As Agile practitioners, we emphasize collaboration, communication, and iteration. But feedback is the technique that allows us to practice effectively as a team. Why is feedback so important to the agile process?

Iteration, communication, and collaboration all depend on feedback.

Feedback is the common denominator of iteration, communication, and collaboration. Without sharing and receiving messages, we wouldn’t know what was good about our work and what could be improved. When teams lack good communication and collaboration, members begin to work in isolated silos. Siloed members don’t have any real understanding of what other team members need or don’t need from us. And of course, unless we want to iterate the same bugs and broken features over and over again…we need to examine the merits and flaws of our work! We can do so by participating in a thoughtful critique. A critique is a detailed, non-judgemental analysis of merits and faults. A good critique of work or work-in-progress allows us to meaningfully improve through iteration.

Feedback allows us to create a polished product that is useful to our end-users.

Feedback allows us to improve our work. As any good tester will tell you, we cannot know for sure that something will work until we try it. A failing test is a form of feedback, which tells us that something didn’t work the way that we thought it would. The most effective way to test is to do it immediately and throughout the entire software process. Test all the way from planning product features to gathering end-user input. Catching technical bugs or ideological fallacies as early as possible helps us to create polished products. In addition, highlighting ideas or techniques that work well can build confidence and help keep the entire team on the right track.
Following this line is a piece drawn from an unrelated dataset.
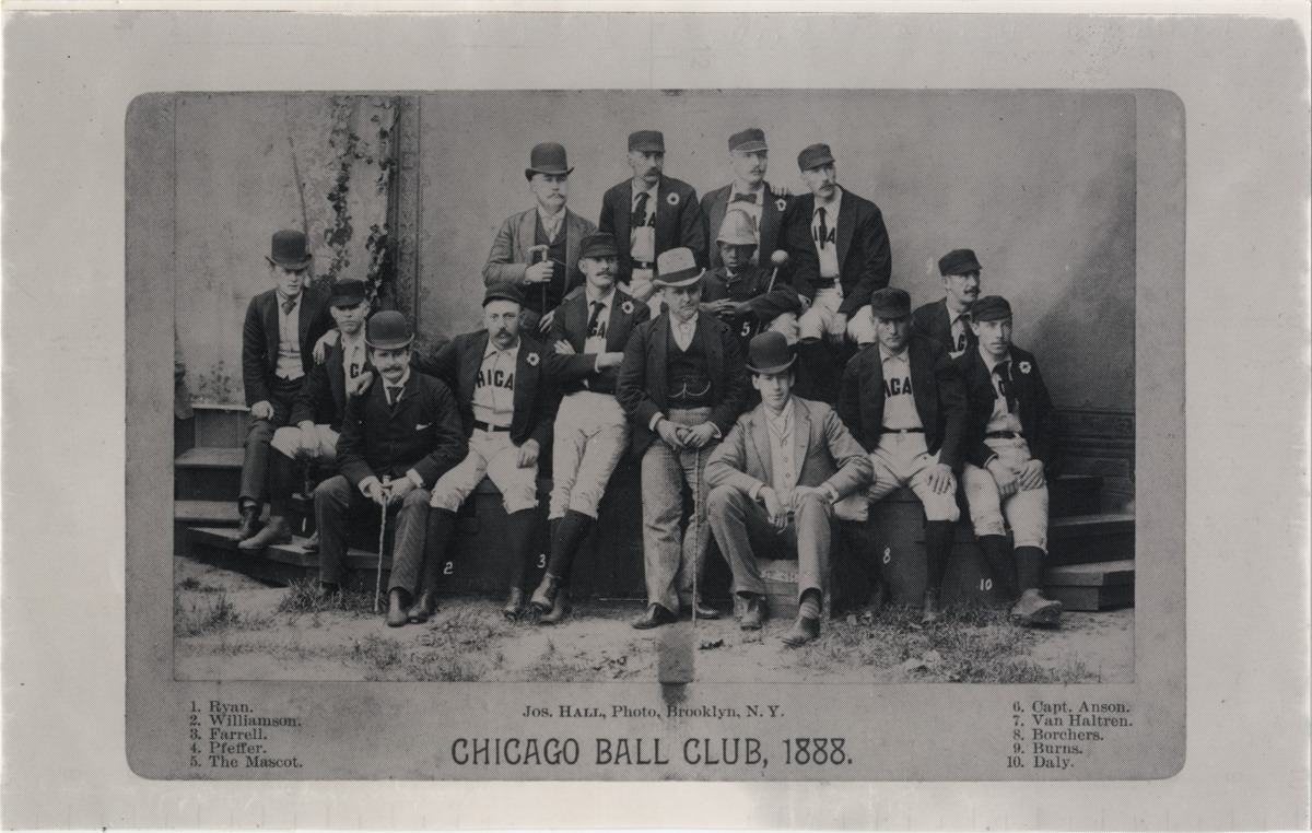 Group portrait of the 1888 Chicago White Stockings; uniformed baseball players pose on risers. Printed on front: "Jos. Hall, photo., Brooklyn, N.Y. Chicago ball club, 1888. 1. Ryan. 2. Williamson. 3. Farrell. 4. Pfeffer. 5. The mascot. 6. Capt. Anson. 7. Van Haltren. 8. Borchers. 9. Burns. 10. Daly."

Skillfully delivering group feedback increases team cohesion.

Participating in a thoughtful critique helps us grow in our roles as trusted advisors. Discussing flaws without letting the conversation turn personal treats them as opportunities for analysis and growth instead of stifling effort with fear. Highlighting things that went particularly well provides guidance for the entire group. Receiving this feedback (whether or not it was about our work!) provides psychological safety that our work will be recognized and that our voices will be heard. Separating work from ego in this way builds trust and focuses on continuous improvement without needlessly punishing misguided effort.

Feedback allows us to smoothly deliver that product to our end-users.

Just building the application isn’t enough – we have to be able to get it and its iterations out to our users! The focus of DevOps/DevSecOps is to smoothly facilitate that end to end delivery. Repeatable deployments and testing in production-like environments shifts delivery feedback left. If a deployment fails in a stage environment because of a missing parameter or because a database script didn’t run, we can address the issue without impacting our customers in production. Creating idempotent, scalable environments, writing configuration as code, and transitioning to Continuous Delivery (or even Continuous Deployment!), smooths our delivery process by using feedback and communication between development, testing, and operations.

Feedback doesn’t exist in a vacuum – in the long-term, it can create lasting change.

As alluded to in the last point, sharing feedback often affects more than just the participating parties. Conway’s law states “Organizations which design systems…are constrained to produce systems which are copies of the communication structures of these organizations”. In the short-term, constantly and effectively communicating feedback and using it to grow will positively affect your team’s performance. But in the long term, that communication structure can produce lasting change by bubbling out through the Product Owner or the Stakeholders. Feedback also has a funny way of hanging around in the back of peoples’ heads until it’s ready to manifest itself, at work or elsewhere in life. It feels great when someone comes back and says, “Hey, I thought about what you said, and I have a way to address it.”

Feedback is important to agile mindsets.

Giving and receiving feedback within a group context is an acquired skill. This skill is imperative to practice within high-performing agile teams. Of course, it is best to formalize the group feedback process and use it within a ceremony such as a Retrospective. That gives a platform for overarching feedback that can’t be addressed moment-to-moment. It also allows people to check their ego at the door and mentally adjust to the appropriate analytical headspace. If you think your team could improve its feedback process, bring it up at your next Retrospective!